La vie du SIM Les Evénements du bimestre • Le SIM, présent à l’atelier sur les mesures correctives commerciales du 19 au 22 Octobre 2010 Le Secrétariat de l’Organisation Mondiale du Commerce (OMC), en collaboration avec le Ministère du Commerce, a organisé du 19 au 22 Octobre 2010 à l’Espace Dera Antananarivo, un séminaire national sur l’état des négociations au niveau de l’OMC et les mesures correctives commerciales. Cet atelier a été animé par des experts au niveau national et des experts de l’OMC et a vu la participation de responsables issus du secteur public et du secteur privé dont le SIM. Le Directeur Exécutif, Monsieur Claude RATEFIARISOA, a présenté le 19 Octobre un exposé sur les problèmes rencontrés par les opérateurs économiques de Madagascar : barrières tarifaires et non tarifaires, concurrence déloyale, problèmes d’accès au financement, capacités en matière d’offre. Des cas concrets à l’appui ont été relatés par Monsieur MALAVERGNE de la SOMACOU. • Publireportage sur le SIM dans le cadre de l’émission « Les nouveaux défis : Internationalisation des entreprises réunionnaises » Des journalistes réunionnais de France Télévisions ont réalisé un publireportage sur le SIM le 11 Novembre dernier dans le cadre de l’émission « Les nouveaux défis : Spéciale Internationalisation des entreprises réunionnaises ». Deux industries membres : LECOFRUIT et LA CHOCOLATERIE ROBERT ont été filmées, en guise d’illustrations du publireportage. • Journée de l’Industrialisation de l’Afrique – JIA 2010, célébrée le 20 Novembre 2010 à Fianarantsoa « Industrie compétitive pour le développement de l’Afrique », tel a été le thème commun à tous les pays africains pour la célébration de la Journée de l’Industrialisation de l’Afrique du 20 Novembre 2010. Pour le cas de Madagascar, cette célébration s’est tenue à Fianarantsoa. Comme à l’accoutumée, le SIM a participé activement à la préparation et à la célébration de cette journée. Ont été au programme, des visites d’usines : Lazan’i Betsileo, INNOVEX et SIDEXAM et une conférence-débat sur le thème cité supra.

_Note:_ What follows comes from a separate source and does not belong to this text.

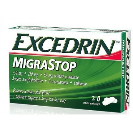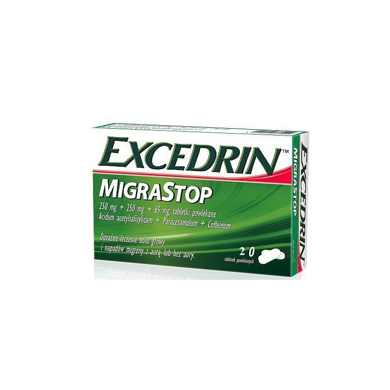 Excedrin MigraStop jest stosowany w doraźnym leczeniu bólu głowy oraz napadów migreny (objawów takich jak: ból głowy, nudności, nadwrażliwość na światło i dźwięk oraz zaburzenia codziennego funkcjonowania) z aurą lub bez aury.
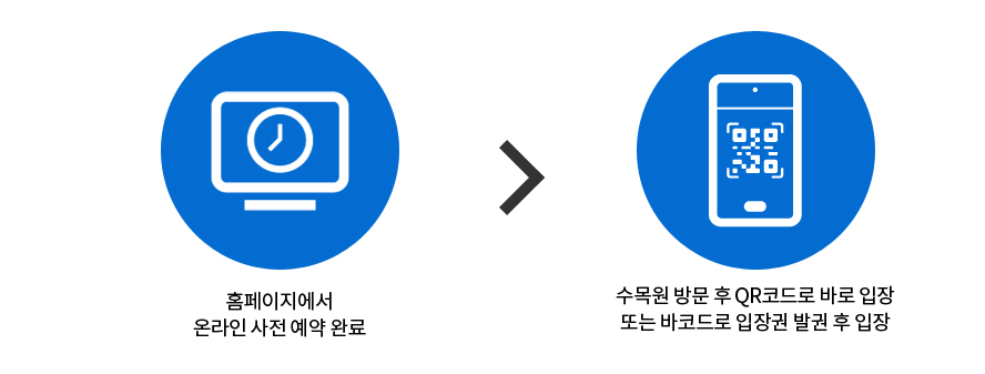 입장방법은 홈페이지에서 온라인 사전 예약을 하고, 수목원 방문 후 QR코드로 바로 입장 또는 바코드로 입장권 발권 후 입장이 가능합니다.

Les récentes actions menées • Le nouveau contrat d’approvisionnement en énergie électrique ayant fait l’objet d’échanges Une séance d’information et de mise au point sur l’application du nouveau contrat de fourniture d’énergie électrique en Moyenne et Haute Tensions a été organisée au siège du SIM le 20 Octobre dernier, laquelle a vu la participation des représentants des autres groupements professionnels en plus des membres du SIM. • Valeur minimale à déclarer en douane : A mettre en place pour les produits finis importés Au cours de sa rencontre avec le Directeur Général des Douanes pendant le courant du mois d’Octobre 2010, le Président du SIM a mis en relief la nécessité de mettre en place des valeurs de référence pour les produits finis importés suite aux cas concrets de déclarations à des prix anormalement bas constatés par les industries locales. Quelques propositions de produits ont été communiquées au Directeur Général des Douanes.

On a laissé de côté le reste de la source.